I think the guys obviously full of it. How much do you trust a guy who came up with that threads name and continues on to call someone "cancer throat"? He's seems like a prime canidate to be thrown out. He's definatly not welcome here in the Trad forum.


----------



## PersianMonarchs (Dec 7, 2005)

*Charlie is one of my favorite guys*

I share the, to put it mildly, skepticism of many of the replies. I have shopped at the Cambridge Andover Shop for years. Their personnel have always been great to work with. Charlie is one of the nicest, brightest, and most entertaining guys I know. The tone, the tale -- everything about -- the original posting strikes me as highly improbable.

While the Andover Andover Shop can be pretty arrogant (the affectation of the catalog -- written in the Andover Andover Shop, not the Cambridge location -- the Clarendon St. store has been closed now for a couple of years) and in my experience gets my orders wrong more often than it gets them right, the Cambridge store has been wonderful to deal with. I do hope no one gives any credence at all to the original posting. It simply can't be remotely accurate.


----------



## eagle2250 (Mar 24, 2006)

The one and only time I have been in the Andover shop in Cambridge was quite a few years ago, while I was attending The Federal Executive Institute hosted by Harvard's JFK School of Government. As I recall, I was one of two customers in the store, with an equal number of employees apparent. While it does seem a bit odd, looking back, I do not recall a single word being exchanged between the store staff and customers, the only shock I experienced that day was sticker shock from the prices of the goods being sold! The staff did not strike me as overly friendly but, I certainly would have no basis for concluding they were abrupt or rude.


----------



## Taliesin (Sep 24, 2004)

My favorite Andover Shop moment was watching some fellow parallel park his Aston Martin in front of the store in Cambridge. I just found that amusing -- the prices are about "Aston Martin"-worthy. I've walked past the Cambridge location more times than I could count, and have never seen more than 2 customers in the store at a time. I've also never heard anyone make the kind of allegations the OP made about the staff. I'm inclined to be skeptical.


----------



## fenway (May 2, 2006)

I live near the Andover "Andover Shop" but when I look in the Cambridge store's window with my 5 year old boy, they always wave to him and wave at me to come in.

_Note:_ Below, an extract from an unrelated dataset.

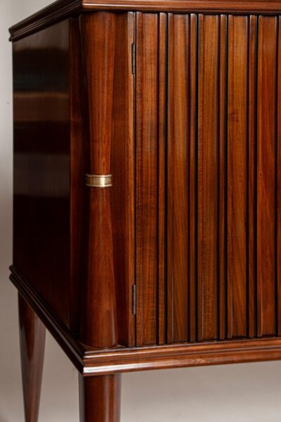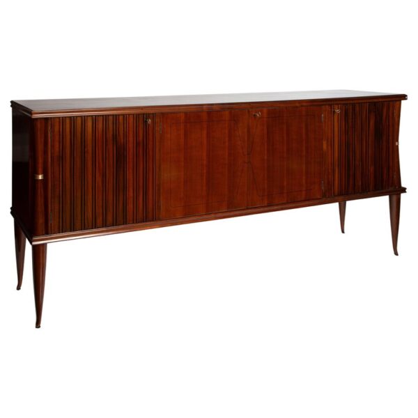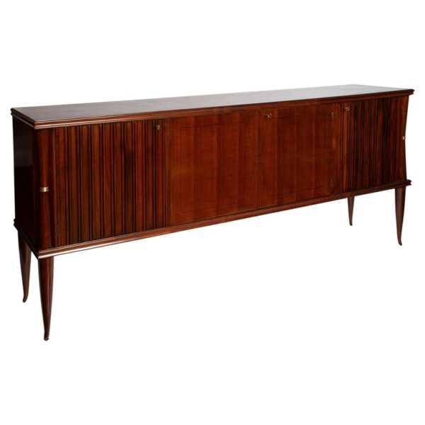 A lovely and delicately proportioned four door sideboard flanked with bowtie columns adorned with brass fittings and finishing on very high rounded and slightly splayed legs.
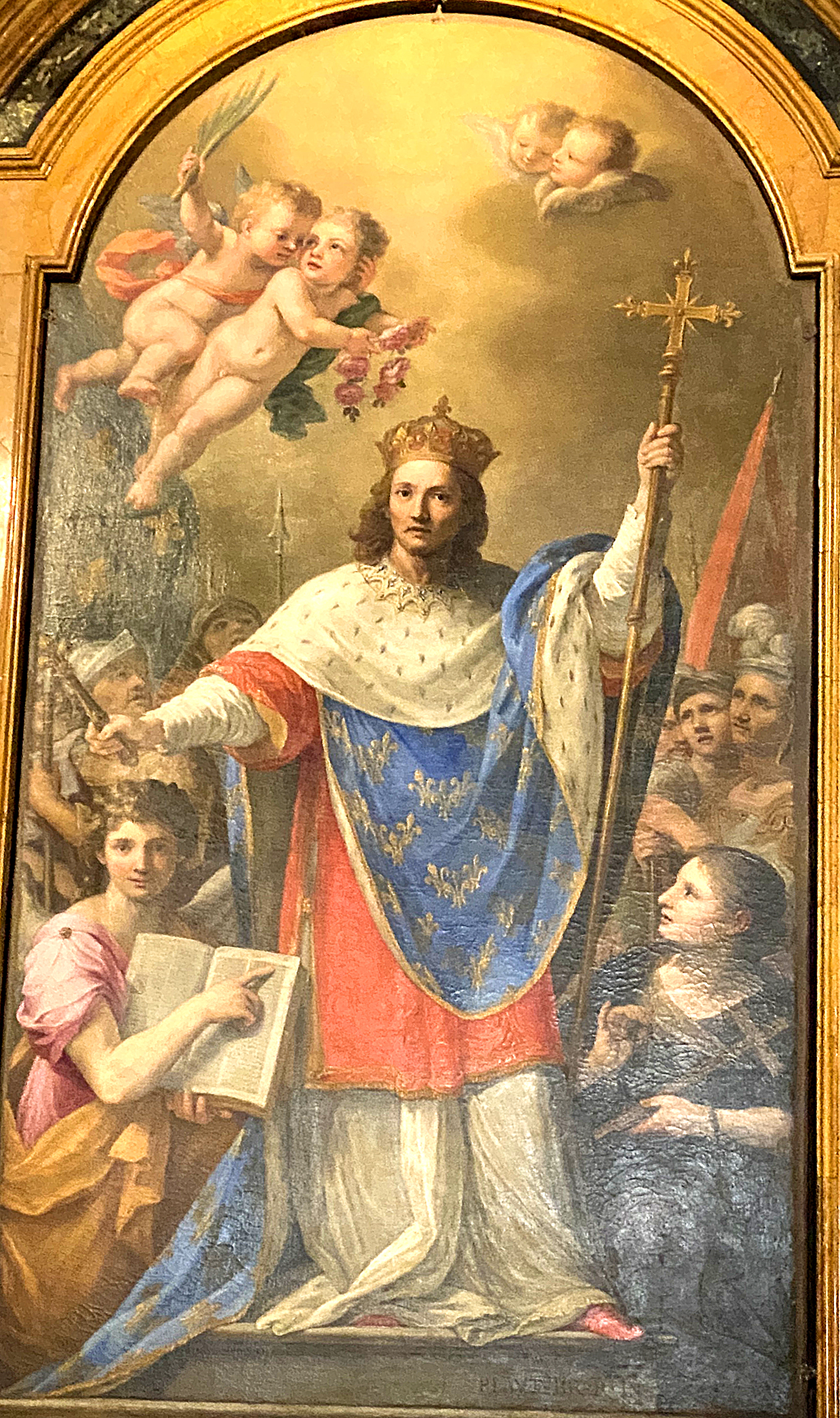 The king is easily identified by the crown, sceptre, and fleurs-de-lis. The putto approaching with a palm branch would designate him as a martyr. The Roman Martyrology lists him as a "confessor," not a martyr. He did die while on crusade in North Africa, as suggested by the soldiers behind him, but it was an illness that brought him down.

We get our hair cut at LaFlamme on Dunster Street, which is pretty trad, come to think of it. 

For those that have access to the Atlantic Monthly's website, check out https://www.theatlantic.com/issues/95nov/bowtie.htm. Pretty funny.


----------



## MrRogers (Dec 10, 2005)

jpeirpont said:


> I think the guys obviously full of it.


Who are you to say? Were you there? I have a hard time believing that the OP decided one day to make up a story about getting thrown out of this store and post it in 3 forums.

MrR


----------



## jpeirpont (Mar 16, 2004)

MrRogers said:


> Who are you to say? Were you there? I have a hard time believing that the OP decided one day to make up a story about getting thrown out of this store and post it in 3 forums.
> 
> MrR


Who are you to say it did? Were you there? Someone of that nature shouldn't be believed.
I believe he has decided to leave out key parts of the story.


----------



## videocrew (Jun 25, 2007)

jpeirpont said:


> Someone of that nature shouldn't be believed.


Someone of what nature? Could you explain?


----------



## eagle2250 (Mar 24, 2006)

videocrew said:


> Someone of what nature? Could you explain?


Come on! Can you honestly say, regardless of the quality of the shopping experience, when a poster opens by describing a store's proprietors as "Fred Gwynn, weasel face and cancer throat guy", that the tenor of the post is anything other than distastful at best and mean spirited at it's worst. Even us cyber-saps are not that naieve!


----------



## jpeirpont (Mar 16, 2004)

videocrew said:


> Someone of what nature? Could you explain?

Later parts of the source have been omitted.